§ **Problem requirements**
Please reproduce the lines from the one containing "IAFVKAI 5 Pack" through the end of the data below exactly as they stand, and omit all pictures.

§ **Input data**

· · · ·

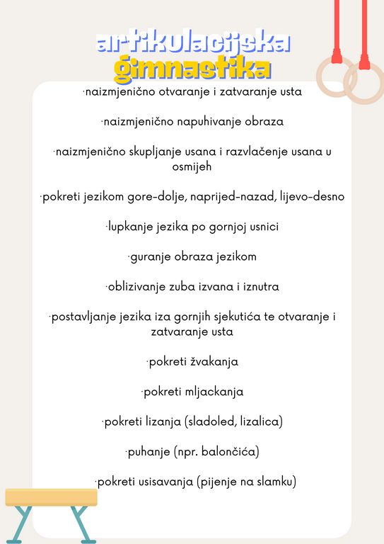 Prije samog uvježbavanja izgovora, nužno je da dijete pojedini glas uočava i razlikuje od ostalih, da provodi artikulacijsku gimnastiku te da poznaje i može uspostaviti pravilan položaj izgovornih organa.
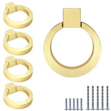 IAFVKAI 5 Pack Cabinet Knobs Zinc Alloy Drawer Pull Brushed Brass Round Cabinet Kitchen Handle Gold Door Drawer Knob for Cupboard Wardrobe Hardware
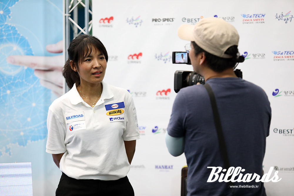 [빌리어즈=김민영 기자] '국토정중앙배 2019 전국당구대회'에서 공동 3위를 차지한 스롱 피아비(서울)가 시상식에 앞서 촬영 중인 KBS 다큐멘터리 프로그램과 아쉬운 소감을 전하고 있다.

· · · ·

§ **Solution to this exercise**
 IAFVKAI 5 Pack Cabinet Knobs Zinc Alloy Drawer Pull Brushed Brass Round Cabinet Kitchen Handle Gold Door Drawer Knob for Cupboard Wardrobe Hardware
 [빌리어즈=김민영 기자] '국토정중앙배 2019 전국당구대회'에서 공동 3위를 차지한 스롱 피아비(서울)가 시상식에 앞서 촬영 중인 KBS 다큐멘터리 프로그램과 아쉬운 소감을 전하고 있다.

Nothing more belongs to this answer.